Northeast Grocery is the parent company of Tops Friendly Markets, Price Chopper and Market 32. The company was formed after a merger in 2021 which gives the company nearly 300 stores in the northeast United States.

==History==
On February 8, 2021, Price Chopper and Tops announced plans to merge. The new parent company would be headquartered in Schenectady, New York, while Price Chopper and Tops would retain their primary offices in Schenectady and Williamsville, respectively. Both banners were expected to continue operating with local management under the new corporate structure.

As a condition of regulatory approval, the FTC required the divestiture of 12 stores. These stores were sold to C&S Wholesale Grocers with most reopening under the Grand Union banner. Most of these stores have since closed.

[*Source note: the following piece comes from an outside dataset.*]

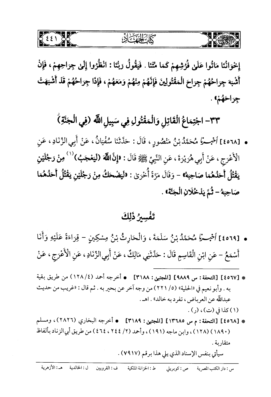 4568- أَخبَرنا مُحَمدُ بنُ مَنْصُورٍ، قَالَ: حَدَّثنا سُفيانُ، عَن أَبي الزِّنَادِ، عَنِ الأَعْرَجِ، عَن أَبي هُرَيرَةَ، عَنِ النَّبيِّ صَلى الله عَليه وسَلم قَالَ: إِنَّ اللهَ ليَعَجَّبُ مِنْ رَجُلَيْنِ يَقْتُلُ أَحَدُهُمَا صَاحِبَهُ، وَقَالَ مَرَّةً أُخْرَى: لَيَضْحَكُ مِنْ رَجُلَيْنِ يَقْتُلُ أَحَدُهُمَا صَاحِبَهُ، ثُمَّ يَدْخُلانِ الجَنَّةَ.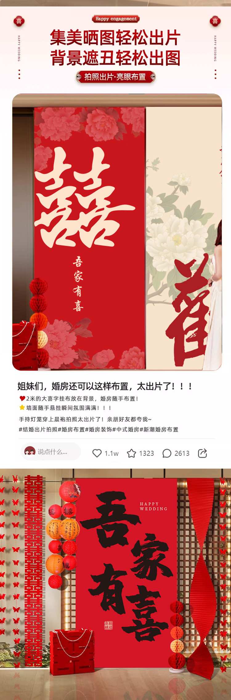 • 행복한 웨딩 장식 걸이 천 E + 투명 접착제 + 빨간 리본 (나머지는 사진 도구로 포함되지 않음)

The merger was completed nine months later, the merger was completed forming Northeast Grocery as the parent company overseeing both chains. Price Chopper President and CEO Scott Grimmett remained in place to guide the integration before retiring in February 2022. Leadership subsequently transitioned to Tops Friendly Markets CEO Frank Curci. In February 2024, John Persons assumed the role of President and CEO.

==Store locations==
- Tops Friendly Markets - 149 stores and 5 gas station/convenience stores in New York, Pennsylvania, and Vermont
- Price Chopper - 131 stores in six states: (New York, Vermont, Connecticut, Massachusetts, New Hampshire, and Pennsylvania)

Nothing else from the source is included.